LE POLONAIS. — Que cette comparaison est juste, et que cette image de Michel-Ange n’a cessé de m’obséder aussitôt que j’ai cru comprendre les termes dans lesquels Mme la comtesse est venue nous poser le problème de Dante ! Ces deux grands Florentins ont le privilège, comme aucun autre génie, d’agiter notre âme d’un vague sentiment d’admiration et de terreur, et notre pensée ne les suit qu’en tremblant vers les hauteurs escarpées où nous croyons entrevoir la foudre aussi bien que le vautour de Prométhée.

LE COMMANDEUR. — J’avoue cependant que le problème de Dante me semble de beaucoup plus obscur et compliqué que celui de Buonarotti, dont je comprends à la rigueur les grands déchiremens et les destinées pathétiques. En parlant tout à l’heure du martyre supposé des artistes, j’aurais dû faire exception pour Michel-Ange, car Michel-Ange fait exception partout et en toute chose ; mais quant à l’auteur de la Divine Comédie...
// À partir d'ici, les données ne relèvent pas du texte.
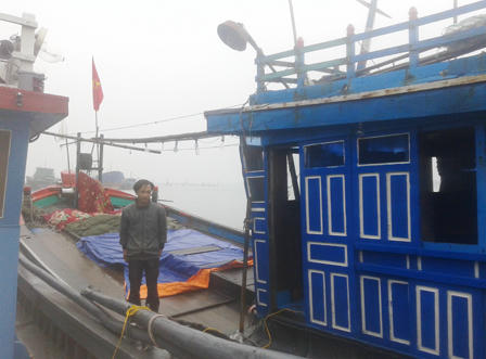 | Anh Toán bên con tàu cá gặp nạn được lai dắt vào bờ |
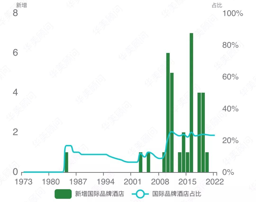 1913年,第一家五星级酒店,杭州新新饭店开业;1984年,第一家国际品牌五星级酒店,杭州香格里拉饭店开业;2009年,杭州五星级酒店数量增速开始明显提高;2016年,G20杭州峰会召开,大量五星级酒店集中入市。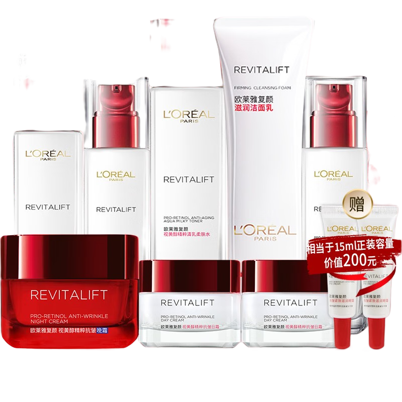 百亿补贴:欧莱雅(LOREAL)护肤品套装化妆品全套复颜抗皱淡纹水乳洗面奶面膜生日礼物礼盒 【十全十美10件套礼盒】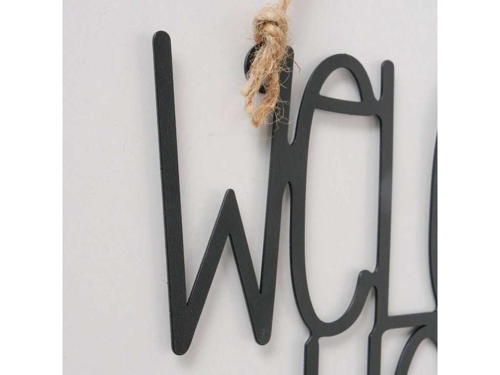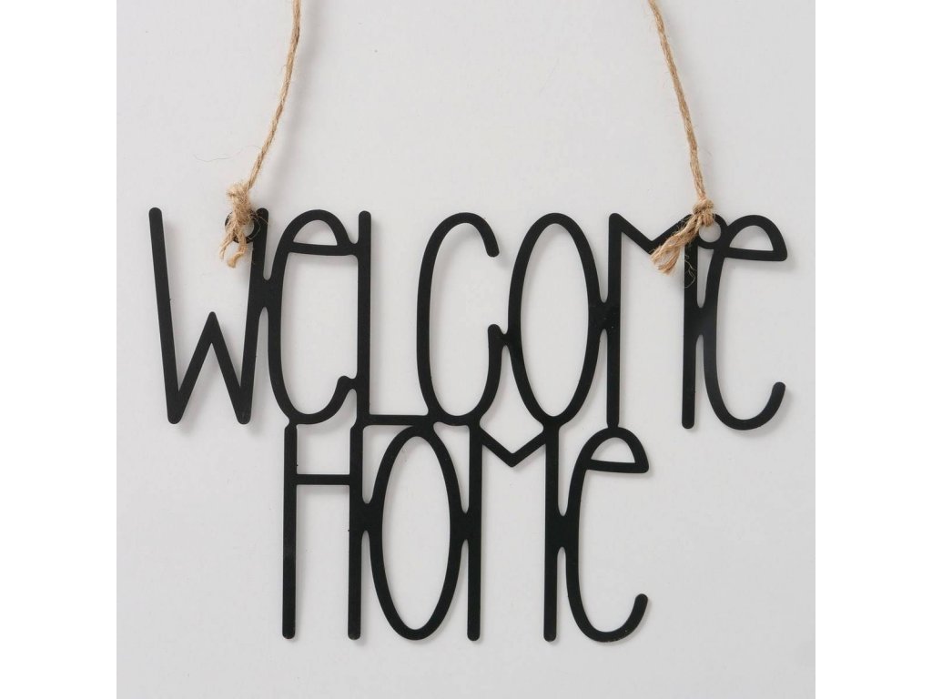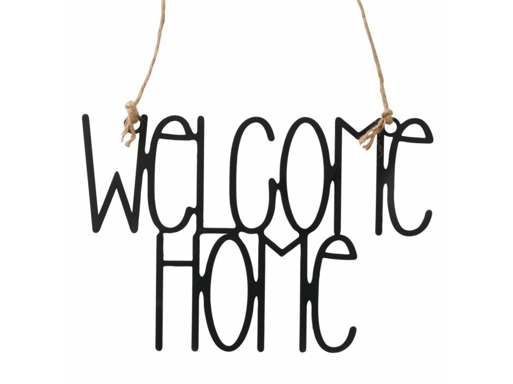 - Kovová deska Welcome Home: Vyrobena z černého kovu o rozměrech 26,5 x 18 cm.

LA COMTESSE. — De grâce, cher commandeur, dites-nous comment vous entendez la tragédie de Michel-Ange ; cela nous aidera peut-être à comprendre celle de Dante. Qui sait s’il n’y a pas un même mot pour les deux énigmes ?

LE COMMANDEUR. — Je ne le pense pas, et je crains qu’une telle digression, nécessairement longue, ne nous éloigne beaucoup trop de la question principale.

LA COMTESSE. — Vous savez bien, monsieur le commandeur, que j’abhorre les discussions en règle, et c’est une trop grande bonne fortune pour nous d’apprendre vos idées sur le créateur du Moïse et des Prophètes pour que je laisse échapper une pareille occasion. Ne vous refusez donc pas, cher maître, aux supplications que je vous adresse au nom de nous tous ;

... Maestro, assai ten’ priego,
E ripriego, che ’1 priego vaglia mille[1].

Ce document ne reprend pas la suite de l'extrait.